My question is how to formulate the LP in the best way, because I am not sure I am doing it right.
The following is a simplified version of what I'm dealing with, which however shows exactly where the problem lies.
We make m*n (in this case 6) objects by a combinatorial process taking m (3) objects of type 'R1' (say {A,B,C}) and n (2) objects of type 'R2' (say {X,Y}).
The 6 objects {AX,AY,BX,BY,CX,CY} are evaluated and each gets a score D, in this case {0.8,0.7,0.5,0.9,0.4,0.0}, in this order.
CL <- cbind(expand.grid(R2=LETTERS[24:25],R1=LETTERS[1:3],stringsAsFactors = FALSE),D=c(0.8,0.7,0.5,0.9,0.4,0.0))
Now we want to select 2 distinct R1's and 1 R2 such that the sum of D is maximal.
In this example, the answer is R1 = {A,B}, R2 = {Y}.
However, one would not get to such conclusion taking, for instance, the 2 R1's and the R2 with the highest average D.
It would work for R1, but not for R2:
aggregate(D~R1,CL,mean)
# R1 D
#1 A 0.75
#2 B 0.70
#3 C 0.20
aggregate(D~R2,CL,mean)
# R2 D
#1 X 0.5666667
#2 Y 0.5333333
I know how to formulate this as a linear programming problem; only I am not sure my formulation is efficient, because basically it results in a problem with mn+m+n variables and 2(m+n)+2 constraints.
The main difficulty is that I need somehow to count the number of distinct R1's and R2's chosen, and I don't know any way of doing that apart from what I will show below (and is also described in my other post here).
This is what I would do:
CL["Entry"] <- seq_len(dim(CL)[[1]])
R1.mat <- table(CL$R1,CL$Entry)
R2.mat <- table(CL$R2,CL$Entry)
N_R1 <- dim(R1.mat)[[1]]
N_R2 <- dim(R2.mat)[[1]]
N_Entry <- dim(CL)[[1]]
constr.mat <- NULL
dir <- NULL
rhs <- NULL
constr.mat <- rbind(constr.mat,cbind(R1.mat,-diag(table(CL$R1)),matrix(0,N_R1,N_R2)))
dir <- c(dir,rep("<=",N_R1))
rhs <- c(rhs,rep(0,N_R1))
constr.mat <- rbind(constr.mat,cbind(R2.mat,matrix(0,N_R2,N_R1),-diag(table(CL$R2))))
dir <- c(dir,rep("<=",N_R2))
rhs <- c(rhs,rep(0,N_R2))
constr.mat <- rbind(constr.mat,constr.mat)
dir <- c(dir,rep(">=",N_R1+N_R2))
rhs <- c(rhs,1-table(CL$R1),1-table(CL$R2))

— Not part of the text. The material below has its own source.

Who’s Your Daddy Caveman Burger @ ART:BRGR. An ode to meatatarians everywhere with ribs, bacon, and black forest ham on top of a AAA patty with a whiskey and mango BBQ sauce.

constr.mat <- rbind(constr.mat,c(rep(0,N_Entry),rep(1,N_R1),rep(0,N_R2)))
dir <- c(dir,"==")
rhs <- c(rhs,2)
constr.mat <- rbind(constr.mat,c(rep(0,N_Entry),rep(0,N_R1),rep(1,N_R2)))
dir <- c(dir,"==")
rhs <- c(rhs,1)
obj <- c(aggregate(D~Entry,CL,c)[["D"]],rep(0,N_R1+N_R2))

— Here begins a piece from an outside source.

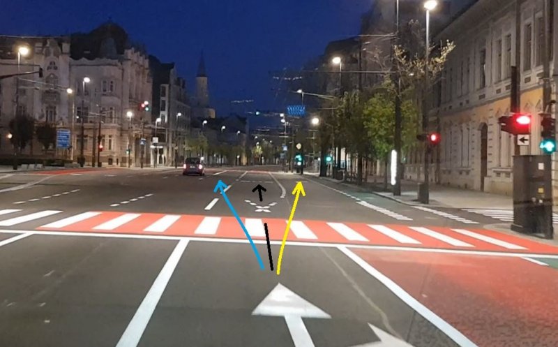 Dar dacă mergem înainte și abia apoi dreapta ca să viram pe Str. Cuza Vodă, mai este valabil intermitentul galben la dreapta? Noi nu facem dreapta, mergem înainte. Dreapta înseamnă să virăm pe Str. Constanța.
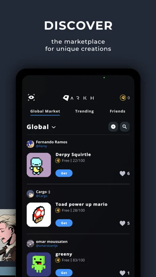 EXPLORE A GLOBAL MARKETPLACE: The ‘ARKH Marketplace’ lets you discover creations from all around the globe. Your creativity deserves to be seen. The world is your oyster!

Which can be solved for instance by lpSolve:
sol <- lp("max", obj, constr.mat, dir, rhs, all.bin = TRUE,num.bin.solns = 1, use.rw=FALSE, transpose.constr=TRUE)
sol$solution
#[1] 0 1 0 1 0 0 1 1 0 0 1
showing that products {AY,BY} were selected, corresponding to R1 = {A,B} and R2 = {Y}:
CL[as.logical(sol$solution[1:N_Entry]),]
# R2 R1 D Entry
#2 Y A 0.7 2
#4 Y B 0.9 4
I found that on large problems lpSolve gets stuck for ages; Rsymphony seemed to perform better.

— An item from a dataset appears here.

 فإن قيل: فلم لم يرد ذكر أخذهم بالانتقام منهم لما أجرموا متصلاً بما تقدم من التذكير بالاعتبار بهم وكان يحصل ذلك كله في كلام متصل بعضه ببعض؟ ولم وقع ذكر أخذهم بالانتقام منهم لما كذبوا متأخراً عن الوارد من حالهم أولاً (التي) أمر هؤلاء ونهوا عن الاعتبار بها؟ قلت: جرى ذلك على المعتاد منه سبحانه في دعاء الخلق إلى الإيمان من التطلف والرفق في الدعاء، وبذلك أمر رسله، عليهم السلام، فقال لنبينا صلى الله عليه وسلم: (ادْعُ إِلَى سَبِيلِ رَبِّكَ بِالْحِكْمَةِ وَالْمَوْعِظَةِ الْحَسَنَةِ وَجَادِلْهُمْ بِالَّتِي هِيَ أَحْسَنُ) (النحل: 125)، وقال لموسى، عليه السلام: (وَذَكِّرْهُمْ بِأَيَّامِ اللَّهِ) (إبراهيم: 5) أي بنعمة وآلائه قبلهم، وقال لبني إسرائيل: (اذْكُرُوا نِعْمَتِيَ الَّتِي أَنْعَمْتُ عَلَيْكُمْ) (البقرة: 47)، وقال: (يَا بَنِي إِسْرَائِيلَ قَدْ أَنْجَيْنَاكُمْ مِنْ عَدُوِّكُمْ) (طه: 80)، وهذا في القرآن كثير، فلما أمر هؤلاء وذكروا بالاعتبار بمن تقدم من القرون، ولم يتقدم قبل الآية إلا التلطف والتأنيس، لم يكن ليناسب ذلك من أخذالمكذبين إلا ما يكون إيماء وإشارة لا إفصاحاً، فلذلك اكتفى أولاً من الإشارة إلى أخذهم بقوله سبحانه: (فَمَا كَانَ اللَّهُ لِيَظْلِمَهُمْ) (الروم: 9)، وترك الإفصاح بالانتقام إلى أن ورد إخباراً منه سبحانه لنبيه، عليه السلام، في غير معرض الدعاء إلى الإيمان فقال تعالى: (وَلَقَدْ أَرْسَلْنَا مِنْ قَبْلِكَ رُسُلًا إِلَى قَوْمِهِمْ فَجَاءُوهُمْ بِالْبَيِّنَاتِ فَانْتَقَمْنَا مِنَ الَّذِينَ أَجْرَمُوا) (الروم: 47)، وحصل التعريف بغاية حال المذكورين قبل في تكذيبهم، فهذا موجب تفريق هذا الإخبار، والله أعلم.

But again, my main question is: is this way of formulating the LP efficient? Should I do it differently?
Thanks!
EDIT
In the meantime, working on a somewhat related problem, I found that only one set of constraints may be sufficient, if one adds 'costs' (in this example, negative) to the objective vector for the 'distinct R1 and R2' variables.
So here, instead of:
obj <- c(aggregate(D~Entry,CL,c)[["D"]],rep(0,N_R1+N_R2))
I would do:
obj <- c(aggregate(D~Entry,CL,c)[["D"]],rep(-1,N_R1+N_R2))
This would make m+n constraints unnecessary.
It still remains a huge problem to solve, even for relatively small m, n, so if anyone can advise how to do it better...
I had a look at lp.transport, but that would be limited to 2 dimensions (i.e. only R1 and R2, not R1, R2, R3 for instance), and I don't think you can constrain the number of distinct objects per category in that kind of solver.